■ Stored data:
[Start of Attachment]
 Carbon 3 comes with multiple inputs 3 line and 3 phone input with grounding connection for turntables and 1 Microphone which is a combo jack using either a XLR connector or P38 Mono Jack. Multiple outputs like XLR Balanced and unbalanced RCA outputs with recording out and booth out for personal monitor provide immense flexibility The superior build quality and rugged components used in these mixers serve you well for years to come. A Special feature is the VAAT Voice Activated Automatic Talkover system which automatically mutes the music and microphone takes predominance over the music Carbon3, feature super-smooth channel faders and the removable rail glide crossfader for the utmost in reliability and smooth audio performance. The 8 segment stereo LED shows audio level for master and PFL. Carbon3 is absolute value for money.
[End of Attachment]
[Start of Attachment]
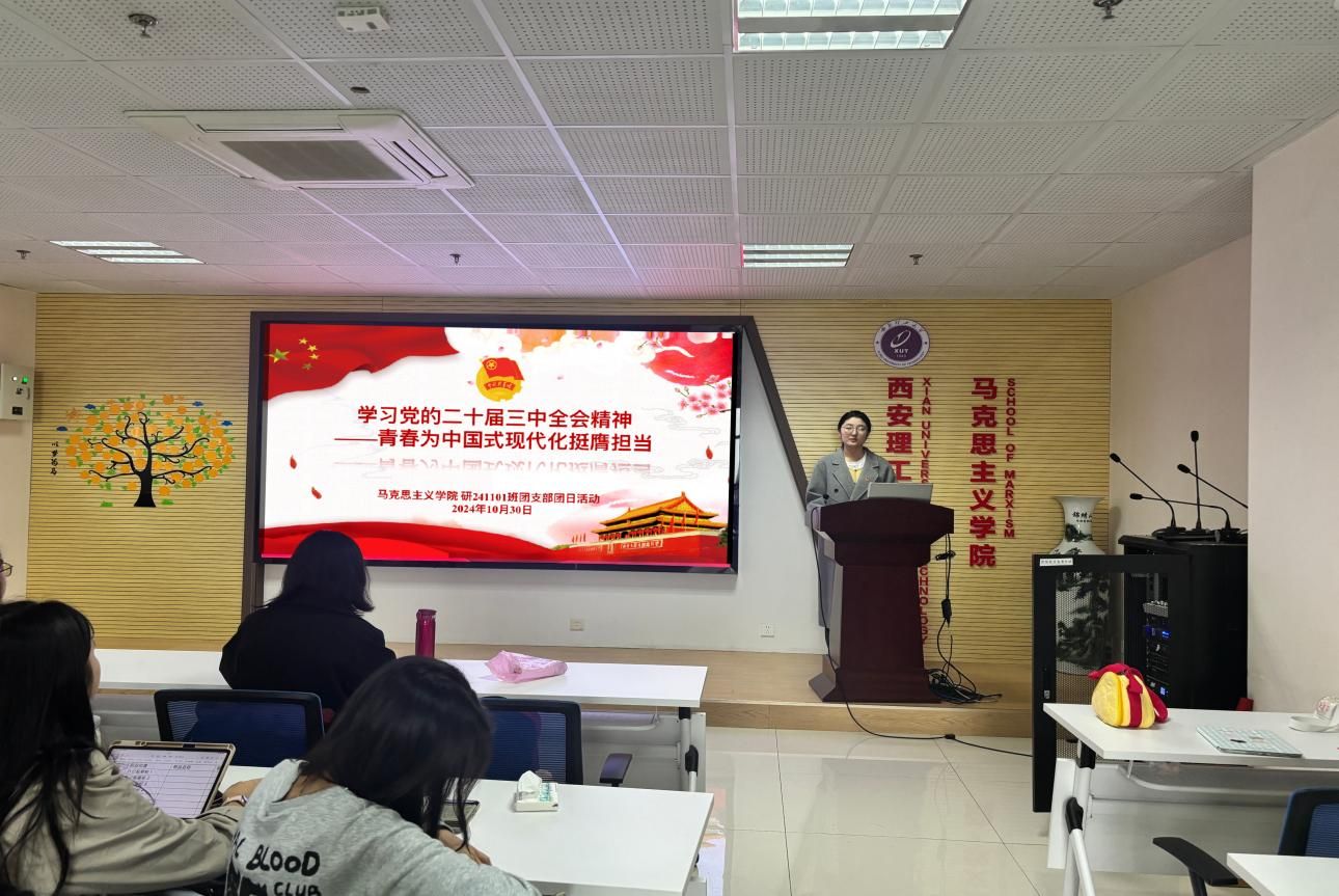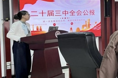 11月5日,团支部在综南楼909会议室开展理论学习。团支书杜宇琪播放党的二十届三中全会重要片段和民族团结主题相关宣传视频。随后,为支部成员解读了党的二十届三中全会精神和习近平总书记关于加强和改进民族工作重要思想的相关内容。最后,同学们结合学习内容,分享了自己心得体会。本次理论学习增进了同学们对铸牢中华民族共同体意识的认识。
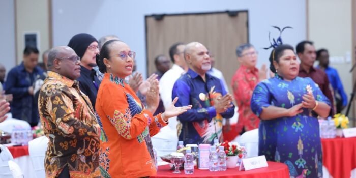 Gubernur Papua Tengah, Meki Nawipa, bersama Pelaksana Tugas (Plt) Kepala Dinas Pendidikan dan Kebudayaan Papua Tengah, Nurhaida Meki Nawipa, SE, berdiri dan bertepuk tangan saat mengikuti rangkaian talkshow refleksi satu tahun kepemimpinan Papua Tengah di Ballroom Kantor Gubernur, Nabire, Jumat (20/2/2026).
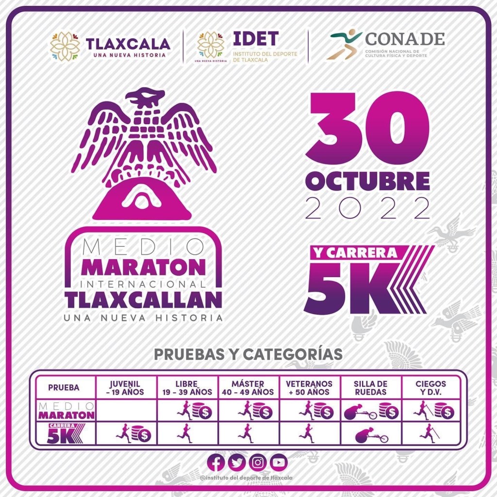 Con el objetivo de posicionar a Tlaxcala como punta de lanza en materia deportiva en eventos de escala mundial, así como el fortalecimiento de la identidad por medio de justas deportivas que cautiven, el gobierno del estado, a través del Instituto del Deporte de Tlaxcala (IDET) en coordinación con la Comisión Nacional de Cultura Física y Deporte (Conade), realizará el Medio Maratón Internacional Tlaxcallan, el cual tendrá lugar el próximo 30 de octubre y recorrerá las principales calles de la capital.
[End of Attachment]
■ Task to carry out:
Among the entries above, locate the line with "11月5日,团支部在综南楼9" and the line with "Gubernur Papua Tengah, Meki". Give those two lines and all lines between them again, exactly, leaving out the pictures.

■ Result below:
 11月5日,团支部在综南楼909会议室开展理论学习。团支书杜宇琪播放党的二十届三中全会重要片段和民族团结主题相关宣传视频。随后,为支部成员解读了党的二十届三中全会精神和习近平总书记关于加强和改进民族工作重要思想的相关内容。最后,同学们结合学习内容,分享了自己心得体会。本次理论学习增进了同学们对铸牢中华民族共同体意识的认识。
 Gubernur Papua Tengah, Meki Nawipa, bersama Pelaksana Tugas (Plt) Kepala Dinas Pendidikan dan Kebudayaan Papua Tengah, Nurhaida Meki Nawipa, SE, berdiri dan bertepuk tangan saat mengikuti rangkaian talkshow refleksi satu tahun kepemimpinan Papua Tengah di Ballroom Kantor Gubernur, Nabire, Jumat (20/2/2026).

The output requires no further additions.